そうした中、血管を内側から広げる「ステント型」の血栓回収専用カテーテルを脳血管に通し、先端の網目状の部分で血栓を絡め取って血流を再開させる血栓回収療法が新しい治療法として期待されている。
「発症から原則8時間以内であれば治療ができます。一般的にはtPAを点滴した後に行いますが、規定の時間を過ぎているなどの理由でtPAが使用できない場合は、すぐにこの治療を開始します。5~6割の人は退院後に自立した生活が可能です」と植田センター長。
一方で、カテーテルで脳血管を傷つけたり、壊死した細胞に血流が再開したりすると出血する恐れがあるため、細心の注意が必要だという。
▽普及に課題も
血栓回収療法にはカテーテルの細かい操作など高度な技術が必要なため、治療ができる医師は不足しており、普及に向けた課題となっている。病院や専門医の地域偏在も起きている。植田センター長は「24時間、365日対応するには、ある程度の数の専門医が必要です。専門医が少ない現状では、血栓回収療法を実施する病院を地域ごとに集約し、治療の適応になる患者をスムーズに搬送することが必要になるでしょう」と指摘する。

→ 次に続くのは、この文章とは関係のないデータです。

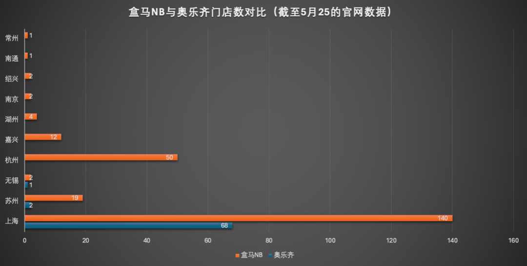 目前,仅从门店数量和覆盖规模来看,原生于本土市场、背靠盒马鲜生品牌影响力的盒马NB,比奥乐齐中国进入了更多的城市、也开出来更多的门店。
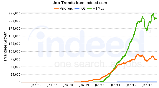 企業顯然愿意支付更多的薪水來留住人才,讓他們幫助弄清數據的價值。他們同樣也愿意給Apple相關開發者開更多的薪水:在Dice的調查中,Omnigraffle與Objective-C都出現在排行的Top10。而從Indeed.com的最熱趨勢分析中,我們能看出一些更有意思的東西:除下大數據之外的熱門技術,5個移動技能也位列Top 10——HTML5、iOS、Android、mobile app、jQuery,其中只有一個與Apple相關。

2018年12月には「脳卒中・循環器病対策基本法」が成立し、患者の居住地域にかかわらず、適切な医療を受けられるようにすることが定められた。今後、各地域の病院数などに応じた救急搬送システムの構築が期待される。(メディカルトリビューン=時事)(記事の内容、医師の所属、肩書などは取材当時のものです)
(2019/07/03 16:30)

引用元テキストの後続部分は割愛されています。